For those of you who were around when Nokia ruled the mobile phone scene, and there was no such thing as a smartphone yet, let alone a color display on your handset, I am quite sure that you would have come across the Nokia Communicator. Sure, it was far from being the most svelte nor smallest handset out there, but in terms of raw computing power among phones, not many others came close. We are talking about a mobile device that is capable of letting you work on your documents on the go, arriving in a horizontal clamshell form factor. Open it up and you will be presented with a QWERTY keyboard to make life easier when it comes to typing out long documents.
Well, the Communicator family did not last that long down the road, not with the advent of true blue smartphones. In fact, the netbook ended up being hugely popular for a while as the portable computing device of choice that offers a decent level of productivity without bogging you down, but even so, it was phased out eventually with most major PC manufacturers ditching the netbook line altogether. Newsmy of China has not, however, and decided to breathe new life into the netbook world with a netbook/tablet hybrid that they call the Newman Q20.

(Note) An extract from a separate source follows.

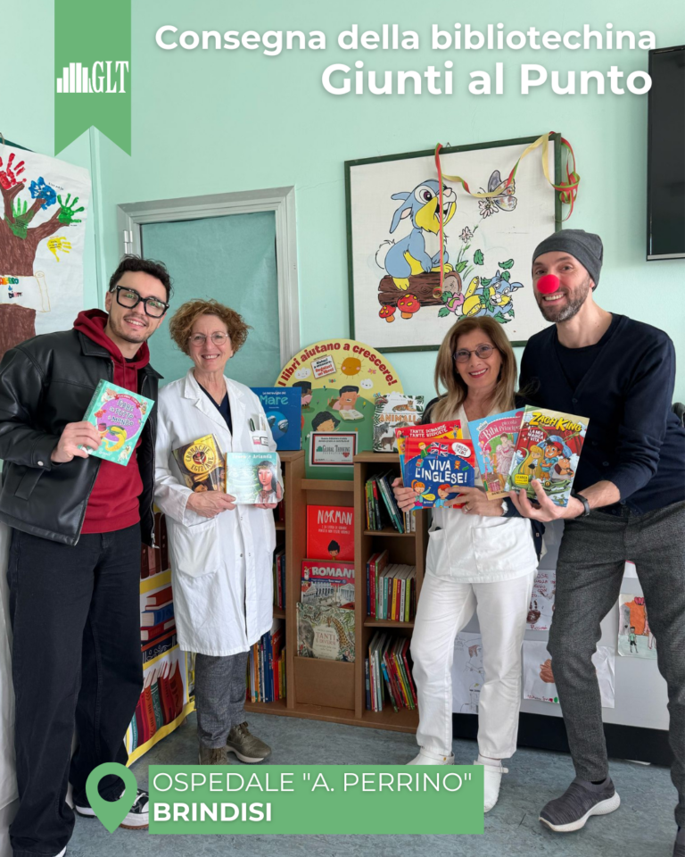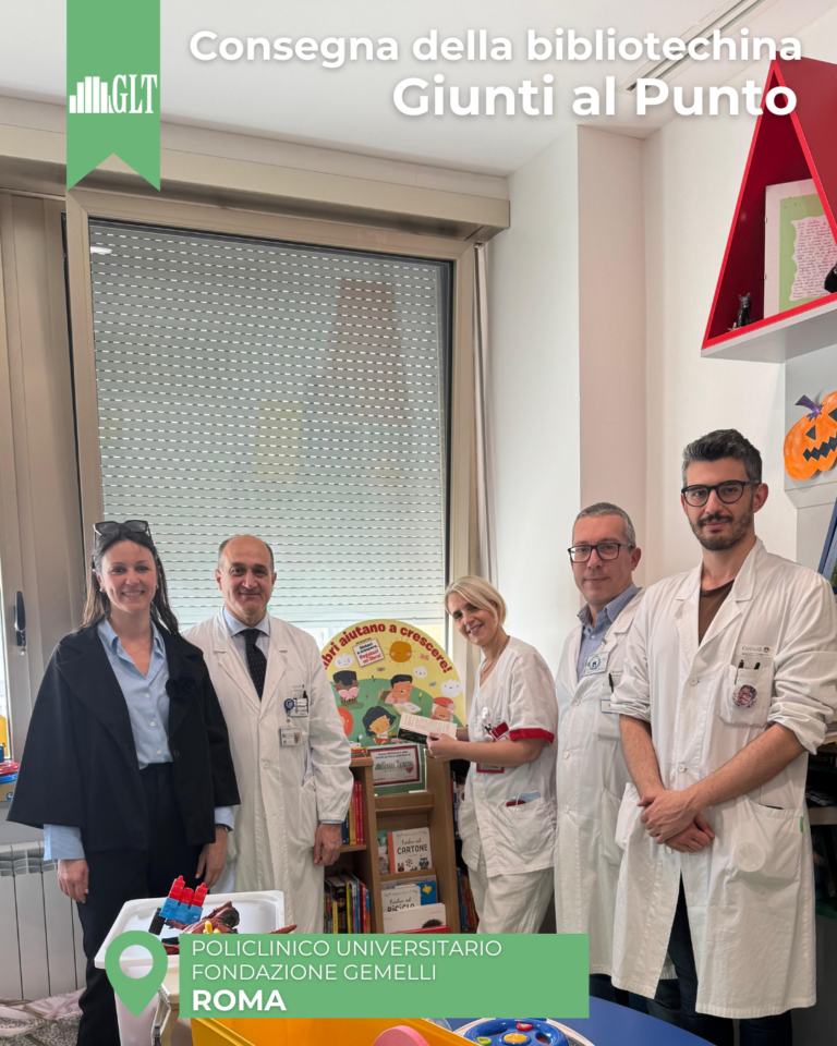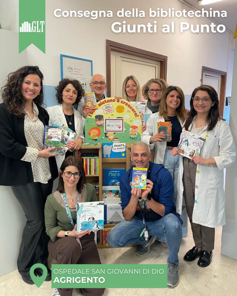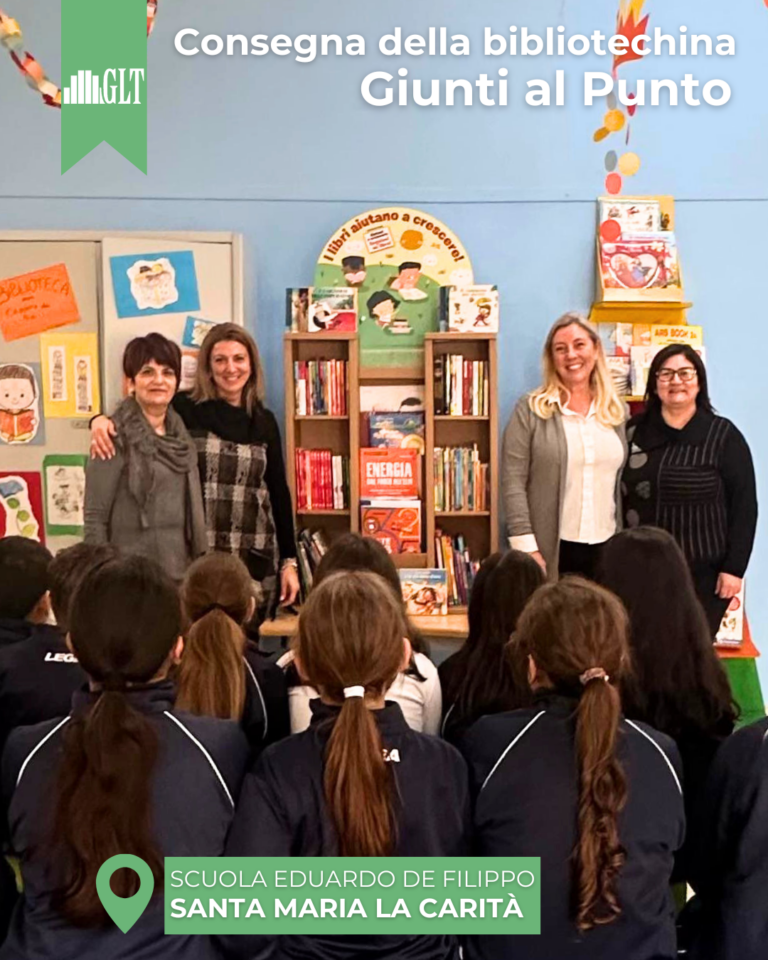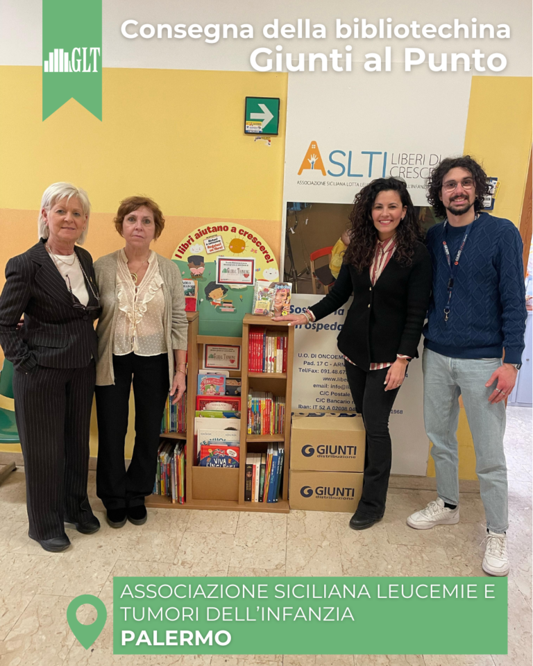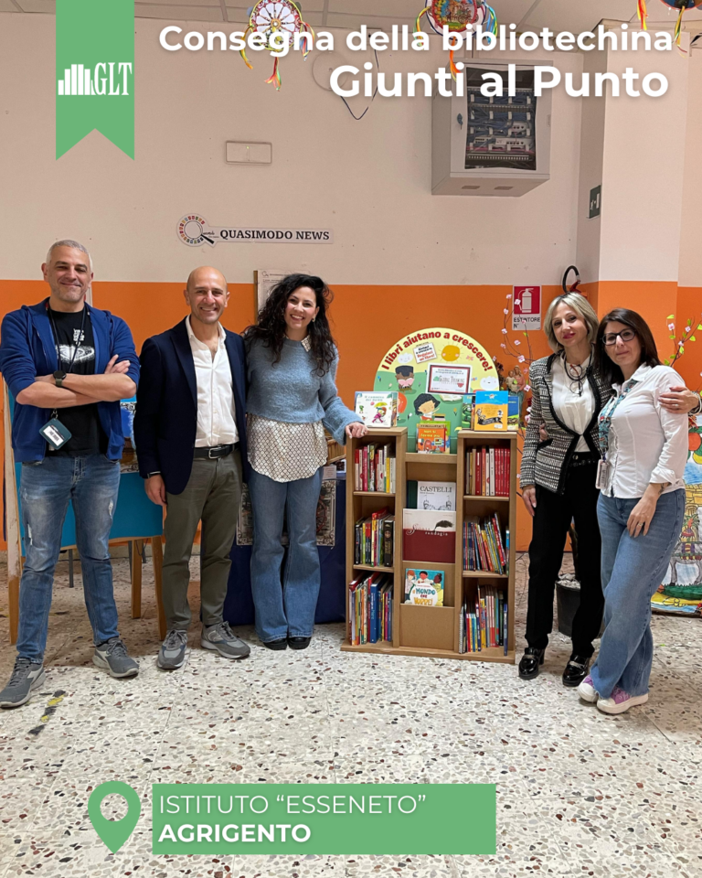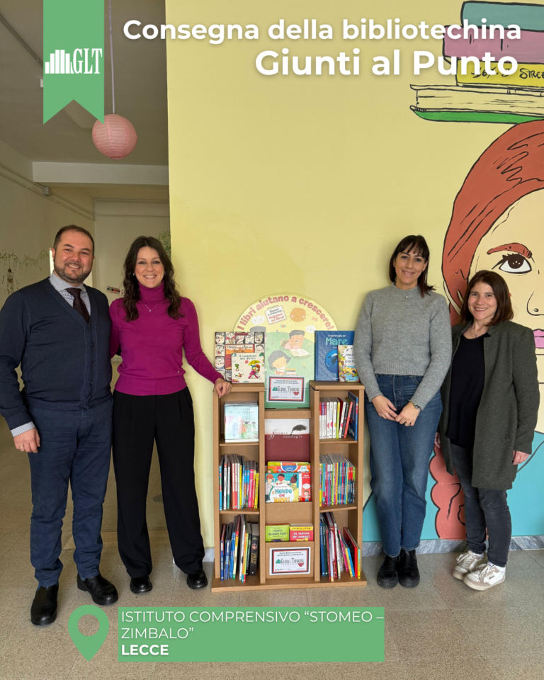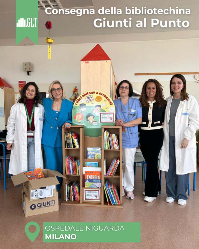 La prima delle 20 bibliotechine del progetto “Aiutaci a crescere, regalaci un libro” di GIUNTI al Punto, che Global Thinking Foundation supporta, è stata consegnata all’Istituto Comprensivo Statale “Giovanni XXIII – Moro” di Mesagne (BR), dall’Avv. Federica Montesardi, Coordinatrice Attività Sportelli GLT. Global Thinking Foundation ha contribuito a questa iniziativa che porta la lettura nelle scuole e nei reparti pediatrici degli ospedali, offrendo ai più piccoli nuove opportunità di crescita e conoscenza. Un momento speciale insieme a Salvatore Fiore, Prof. Dirigente Scolastico Istituto Comprensivo Statale “Giovanni XXIII- Moro” e alla Dott.ssa Anna Maria Scalera, Assessore Comune di Mesagne (Politiche Ambientali, Politiche Comunitarie, Rapporti Istituzionali, Cittadinanza Attiva e Partecipazione). Il progetto “Aiutaci a crescere, regalaci un libro” di GIUNTI al Punto, supportato da Global Thinking Foundation dona una bibliotechina all’ Associazione Siciliana Leucemie e Tumori dell’Infanzia. La consegna è avvenuta con la presenza di Martina Gangi, responsabile del progetto Focus Sud di Global Thinking Foundation, con la Direttrice dell’ASLTI Ilde Vulpetti, con la Dott.ssa Concetta Di Benedetto, Assistente Sociale Coordinatrice del Comune di Palermo e con il responsabile della sede “Giunti al Punto” di Palermo Centro, Luciano Napoli. Grazie alla donazione di Global Thinking Foundation della bibliotechina Giunti al Punto relativa al progetto “Aiutaci a crescere, regalaci un libro” è stato possibile ampliare la biblioteca dell’istituto Comprensivo “Galilei”. La consegna è avvenuta con la presenza di Nicoletta Guizzardi, Responsabile Segreteria Internazionale Global Thinking Foundation ETS, la Vicepreside Benedetta Rossi, la Professoressa Stefania Ramunno e la referente della Libreria Giunti al Punto di Rozzano, Daniela. Una nuova bibliotechina del progetto“Aiutaci a crescere, regalaci un libro” di GIUNTI al Punto, supportato da Global Thinking Foundation approda in una scuola di Treviso, la Scuola Elementare “Collodi”, tra l’entusiasmo e l’accoglienza dei bambini dell’istituto. Questa consegna è avvenuta con la presenza di Sabina Malagoli, Responsabile Eventi per Global Thinking Foundation, la Referente d’Istituto Maria Ingargiola, i docenti Marcon Silvia, Carrer Marilena, Ingargiola Maria e la Referente Giunti al Punto, Sara Bottari. La donazione della bibliotechina relativa al progetto “Aiutaci a crescere, regalaci un libro” di GIUNTI al Punto, all’interno della biblioteca scolastica della scuola primaria Carlo Collodi di Torino, ha contribuito ad arricchire lo spazio di lettura dedicato ai bambini. La consegna è avvenuta con la presenza di Arianna Sfondrini, Project Manager Comunicazione, Eventi & Social Management Global Thinking Foundation, la Dirigente Scolastica Antonella Loiotile, la Professoressa Antonella Gastone e i Referenti Giunti al Punto Francesca Baglioni e Alessandro Mendola. Grazie alla donazione di Global Thinking Foundation della bibliotechina Giunti al Punto relativa al progetto “Aiutaci a crescere, regalaci un libro” è stato possibile ampliare la biblioteca dell’Istituto Comprensivo “Giovanni Cena” di Torino. La consegna è avvenuta con la presenza di Claudia Piccinelli, Responsabile Progetto Donne al Quadrato Global Thinking Foundation, il Preside Luigi Piscopo e Cristina Miorin, Referente Giunti al Punto. La donazione della bibliotechina relativa al progetto “Aiutaci a crescere, regalaci un libro” di GIUNTI al Punto, all’interno dell’Ospedale “Vito Fazzi” di Lecce, ha contribuito ad arricchire lo spazio di lettura dedicato ai bambini in degenza. La consegna è avvenuta con la presenza della nostra Ambassador Carla Gloria, la Caposala Suor Alessandra Notaro, l’Infermiera Mina De Razza e la Referente Gunti al Punto Mara. Questa donazione ha fatto tappa in Campania, più precisamente nella scuola elementare Circolo Didattico “Eduardo De Filippo” di Santa Maria La Carità, in cui una nuova bibliotechina Giunti Al Punto, del progetto “Aiutaci a crescere, regalaci un libro” è stata installata per i bambini. La consegna è avvenuta con la presenza della nostra Volontaria Zaccaria Marnie e con le maestre Iolanda Visconti, Maria Carolina Sorrentino, Linda Nappi. Il progetto “Aiutaci a crescere, regalaci un libro” di GIUNTI al Punto, supportato da Global Thinking Foundation dona una bibliotechina al Policlinico Universitario Fondazione Gemelli di Roma per dare maggiore apporto alla già presente saletta dedicata ai giochi e alla lettura. La consegna è avvenuta con la presenza dall’Avv. Federica Montesardi Coordinatrice Attività Sportelli Global Thinking Foundation, il Primario dell’Ospedale, Professore Antonio Ruggiero, la Caposala Lucia Dario, i Dottori Attina’ e Talloa. I percorsi di degenza non sono mai semplici e sapere di avere un angolo di svago da dedicare alla lettura, può essere un supporto valido per trascorrere il tempo e dedicarsi un attimo di svago. Questa donazione è avvenuta nel reparto pediatrico dell’Ospedale di Ivrea (TO) La consegna della bibliotechina Giunti al Punto, relativa al progetto “Aiutaci a crescere, regalaci un libro” è avvenuta con la presenza di Elisabetta Priano, Responsabile Scuole e Didattica Goal 4 Global Thinking Foundation, la Dottoressa Marina Caldognetto e il Referente Giunti al punto Francesco Tappero Merlo. Il progetto “Aiutaci a crescere, regalaci un libro” di GIUNTI al Punto, supportato da Global Thinking Foundation, dona una bibliotechina e arricchisce lo spazio di lettura della scuola elementare “Armando Diaz” a Bari. La consegna è avvenuta con la presenza dall’Avv. Federica Montesardi, Coordinatrice Attività Sportelli Global Thinking Foundation, la Dirigente Scolastica Prof.ssa Olga Frate e Maestra Murgolo Sabina. Il progetto “Aiutaci a crescere, regalaci un libro” di GIUNTI al Punto, su

The Newman Q20 is an 8.9” device that runs on an Intel Atom processor, sporting an adjustable touchscreen display which allows you to use it as a tablet as and when required. A QWERTY keyboard, touchscreen display, a 1.6GHz Intel Atom N2600 Cedar Trail dual-core processor, 2GB RAM, 32GB of internal memory, an 8.9” 1024 x 600 pixel touchscreen display, Wi-Fi, Bluetooth, Ethernet and HDMI connectivity and a front-facing camera rounds off the list of specifications, all running on Windows 8.